Hacking The Self Through Life

But even if he had not been conscious of implicit biases, he was constantly on a path to self-improvement. He demonstrated a zeal for lifelong learning when such a quality was not imbued with its contemporary cachet. His learning was not merely theoretical. He examined himself, others, the world, texts, especially religious ones. He did not confine himself to Hindu texts, but studied across religions, plunging into Buddhist, Jain and Christian tracts. In letters he exchanged with Leo Tolstoy, the Russian author had suggested that Christians needed to revert to the non-violent ways of Jesus.

Conversing With All Sides

Gandhi believed that shunning violence required freedom of speech. After all, with no outlets for thoughts, pent up frustrations are likely to foment violence. At the same time, he might have been disturbed by the polarization prevalent today. He would have been the first to champion the expression of dissenting views – regardless of political affiliation – to award a fair and judicious hearing to all.

Questioning Materialism as a Goal

Already attuned to the ecological rapaciousness of industrial societies, he had advocated a different model for India, one uniquely forged in its villages and centered around local economies. One that treated the planet as a sacred terrain – to be cared for and healed – rather than merely extracted from.
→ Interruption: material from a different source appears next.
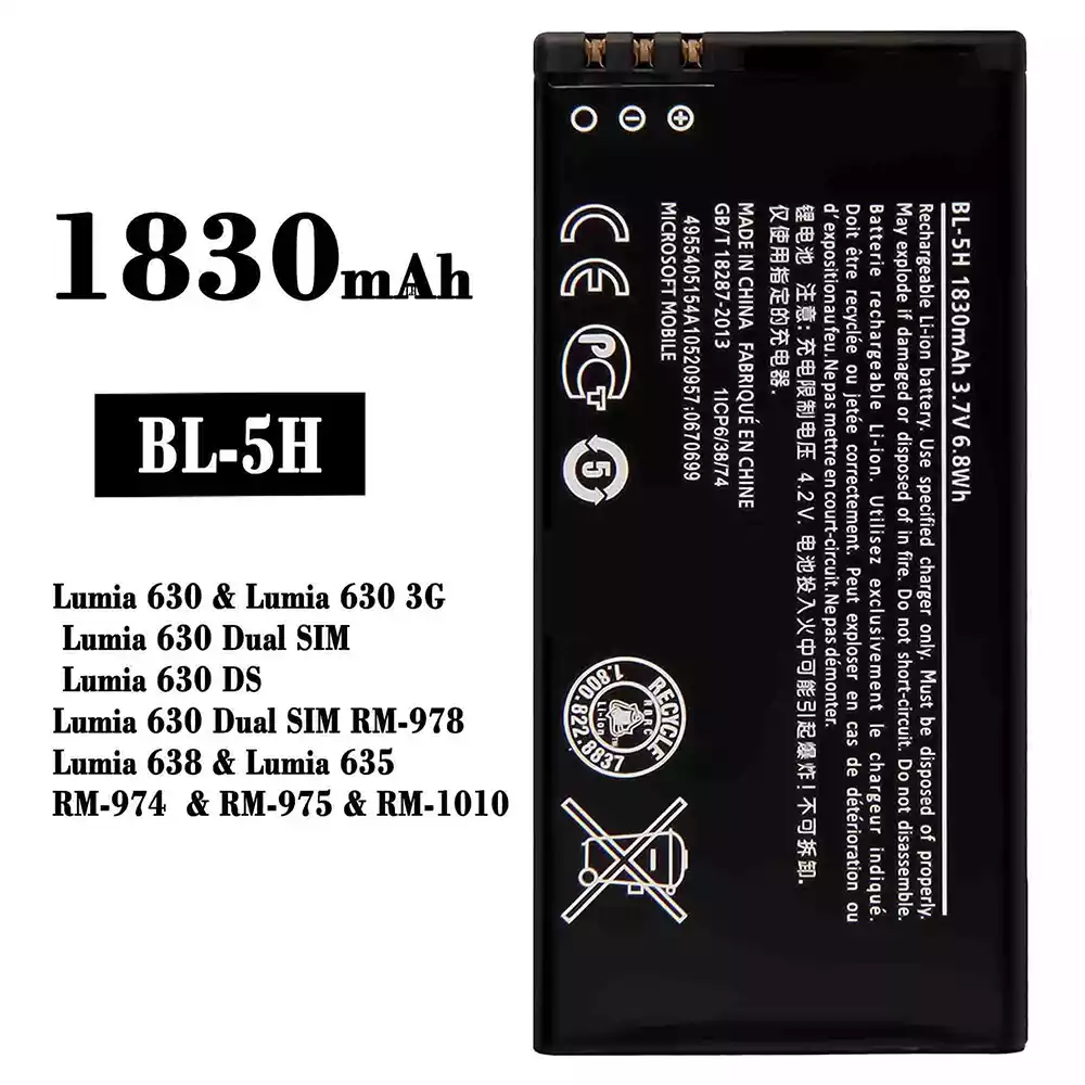 Bateria BL-5H para Nokia Lumia 630 / Lumia 630 3G / Lumia 630 Dual SIM / Lumia 630 DS / Lumia 630 Dual SIM RM-978 / Lumia 638 / Lumia 635 / RM-974 / RM-975 / RM-1010

As Ananda Coomaraswamy wrote, “East and West are at cross purposes only because the West is determined, i.e., at once resolved and economically ‘determined’ to keep on going it knows not where, and it calls the rudderless voyage ‘Progress.’”
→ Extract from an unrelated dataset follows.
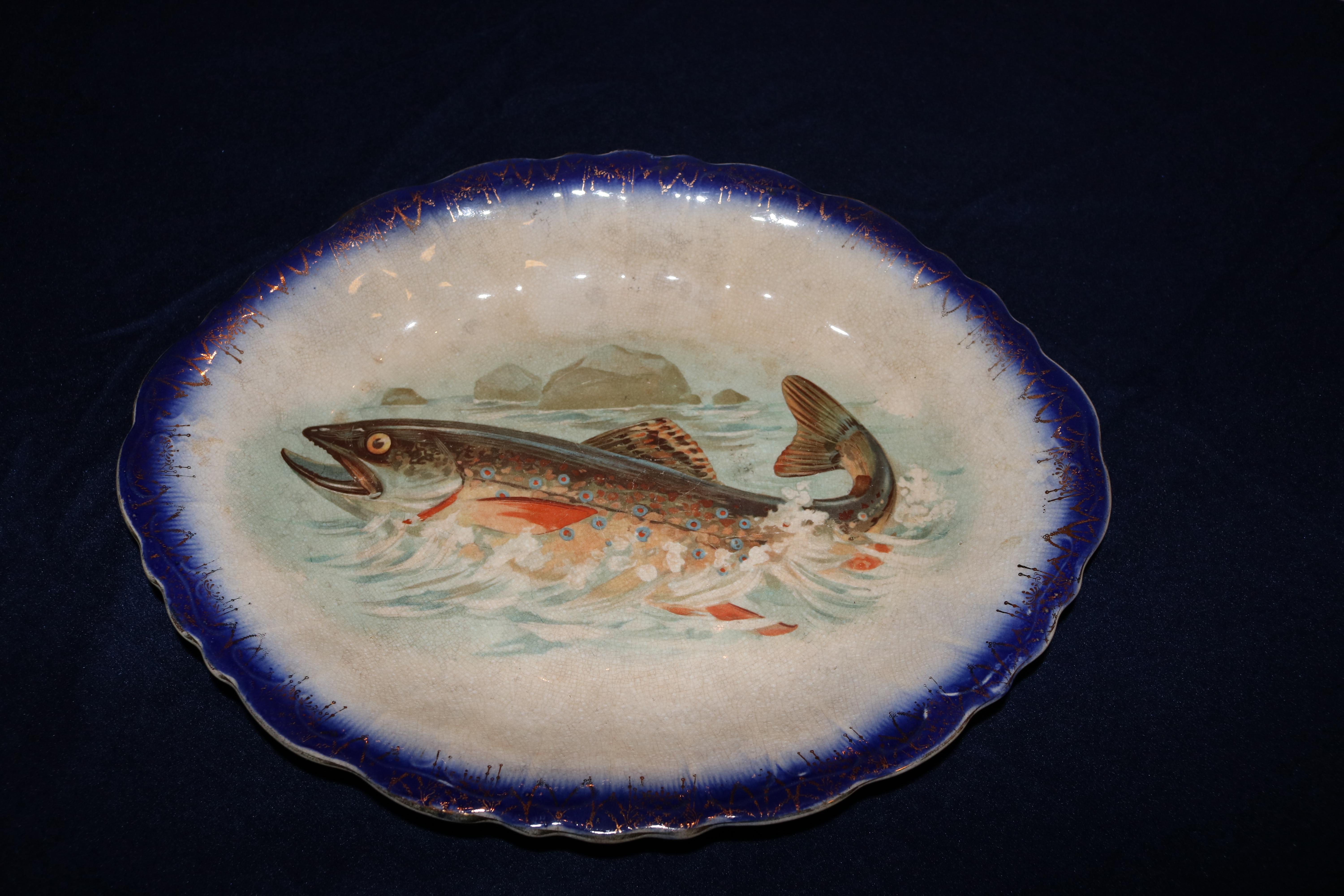 I have 13 3/4" wide by 10 1/2" high platter with cobalt blue trim and gold accents with a swimming salmon...I saw a set with a different fish (trout I think) in green with the same gold pattern and they said it was Limoges (French)...but there are no markings whatsoever on this plate - so, looking for some help...I am looking to sell this piece so ID and a price would be great! It is a heavy plate...like pottery but not as thick as pottery.

Forgiving Others and Oneself

In the end, Gandhi’s belief in human fallibility – in himself and in others – might be one of the more vital lessons to carry forward. To assume that none of us are inherently evil or good, or saintly or demonic, but that we’re all invested with an equal capacity for both. The key is to never permanently label or give up on the enemy or oppressor or perpetrator or victim. As Hannah Arendt put it, “[Non-violence] recognizes that sin is an everyday occurrence” that “needs forgiving, dismissing…” on an ongoing basis.
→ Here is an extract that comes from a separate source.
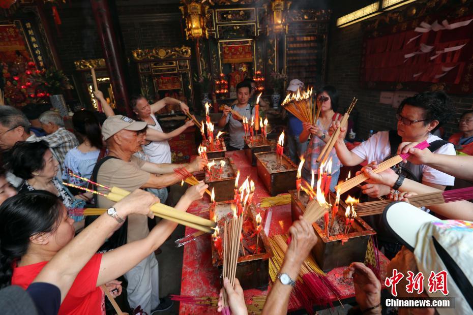 5月22日(农历四月初八)是香港民间庆典“谭公爷诞辰”,位于筲箕湾区的居民举行盛大贺诞飘色巡游,大街上锣鼓喧天,巨龙醒狮起舞,络绎于金华街、东大街至谭公庙一带为谭公爷贺寿,祝愿区内民丰物阜、社会安宁、小贩们安居乐业。香港五行小商贩福利会过去20年来,每年都举行盛大的贺诞典礼。筲箕湾谭公诞现已成为东区最大的旅游特色之一,吸引许多游客莅临观赏。图为香港市民在谭公庙烧香祈福。 中新社记者 洪少葵 摄

Gandhi demonstrated that one can’t publicly advocate for non-violence unless one also practices this in one’s micro-interactions. As the leader himself suggested, we can keep trying: “We may never be strong enough to be entirely non-violent in thought, word and deed. But we must keep non-violence as our goal and make steady progress towards it.”

References

Thomas Merton (Edited by), Gandhi on Non-Violence: Selected Texts from Mohandas K. Gandhi’s Non-Violence in Peace and War, Speaking Tiger, First published in 2016, Reissued in 2025.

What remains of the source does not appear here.